I’m frozen along with him because this person is not the same one that was here just twenty seconds ago. This is someone I would run from if I could make my feet listen.

If there is a way to be more naked than I was a few minutes ago, I am now. My heart is thumping, and I have an intense need to escape, but my feet are stuck. If I needed to scream, I am very sure no sound would come out.

I can hear Beckett take a huge breath in, and I don’t know why but I start counting.

One.

Two.

Three . . . Four . . . Five . . . Six . . .

He still hasn’t exhaled, and my face is starting to burn. The muscles in my shoulders where he’s still touching me are about to snap.

Seven . . . Eight . . . Nine . . . Ten . . .

“Beck?”

The breath that has been stuck inside him emerges, and his energy shifts and Dr. Beckett is back.

“I’ll never let anything like that happen to you again.” He sounds so sad, and I’m afraid to turn around. “I want to wipe it from your memory, starting right now.” His voice catches.

He lifts his fingers; his touch becomes flat palms running down the sides of my spine until they swoop around my waist and rest over my belly button while whistles and sirens are going off inside my head.

Any control I had disappears when one of those amazing hands slips downward and the other travels upward, skimming over my nipple to rest around my throat.

Just as his fingertips graze my lower lips, his other hand tightens under my jaw.

Something between a gasp and a moan comes from me as he sets two fingers into my wet folds, firm on my clit, and adds the final hammer blow with his tongue tracing up my neck until he’s just below my ear.

A shudder passes through every bone and muscle, and I’m drowning in the fire erupting inside of me.

It’s magic how he manages to keep all of that going on and walk me forward into a shower big enough to fit a compact car. It’s encased in half-inch thick glass standing almost eight feet high with Carrera marble on the floor and a shower-head wall where two firehouse-sized shower heads are spraying.

Inside, the steam clouds around us, and he guides my steps below the flood water. I am in sensory overload, and I turn to melted butter against the hardness of everything about him.

His chest is against my back, his hand, still at my throat, only adding to the way my body is bending to the will of his other working fingers. He’s playing with me, exploring, and the tension I hear in his ragged breaths tells me just how much he wants to do exactly what he’s doing to me right now.

“There is something about you.” He rumbles as the water engulfs me.

More lips, more fingers, more of everything, and I forget how to speak.

“Something deep inside of me tells me you’re mine. Mine to protect. Does that scare you?” It’s Beck again, the one that smiles and makes me feel like a girl in some parallel universe where Mom is home cooking roast beef and Dad is just getting home from a round of golf, and I’m normal.

The timbre of his voice sends a chill down my spine in spite of the near scalding shower coursing over me.

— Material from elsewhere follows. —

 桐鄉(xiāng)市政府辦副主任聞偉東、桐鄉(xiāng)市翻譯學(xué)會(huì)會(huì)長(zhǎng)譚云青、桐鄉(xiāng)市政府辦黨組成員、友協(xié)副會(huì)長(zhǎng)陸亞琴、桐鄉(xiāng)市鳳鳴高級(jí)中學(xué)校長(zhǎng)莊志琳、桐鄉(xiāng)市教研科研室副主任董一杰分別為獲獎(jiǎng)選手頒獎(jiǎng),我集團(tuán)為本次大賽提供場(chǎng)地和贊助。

I nod and then shake my head. I don’t know the answer to his question. There is fear rising up in me now, yes. But there is also something stronger. Something that tells me to turn and cling to him with all my might and never let go.

The water is rushing in my ears, but I can still hear his dark laugh at my indecision.

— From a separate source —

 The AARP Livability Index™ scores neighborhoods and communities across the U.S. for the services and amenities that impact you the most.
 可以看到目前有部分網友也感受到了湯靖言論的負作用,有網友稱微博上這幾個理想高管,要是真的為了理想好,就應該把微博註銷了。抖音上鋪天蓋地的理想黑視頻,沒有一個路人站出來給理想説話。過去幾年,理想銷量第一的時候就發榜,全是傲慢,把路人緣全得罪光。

“Good answer, babe. You should be scared, but you should also know, you’ll never have anyone care about you like I do. No one. I’ve been waiting for you.” As his words fill my ears, his massive hands slide to my hips and turn me to face him.

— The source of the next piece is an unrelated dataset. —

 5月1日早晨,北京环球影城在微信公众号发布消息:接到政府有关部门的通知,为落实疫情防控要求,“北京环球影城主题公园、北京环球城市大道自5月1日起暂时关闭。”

He raises my hands over my head and presses me against the glass. Darting hands move quickly downward, cupping my ass, lifting me up and around his waist with a gasp.

That little girl that always sat alone at the lunch table listening to Bobby Lewinski moo at her is screaming inside my head—hoping I’m not too heavy, or that he won’t notice the way my belly folds over on itself.

As if he’s reading my mind, he sinks his teeth into my shoulder, then glares at me with eyes that drown me with him.

“What are you thinking about? I can feel it . . . tell me.”

“I’m afraid you’ll drop me. I’m heavy.”

His fingers dig into my ass like claw hooks, lowers his face and bites down again, this time on the inside of my tit, and it shorts out any other thoughts with the raw pain.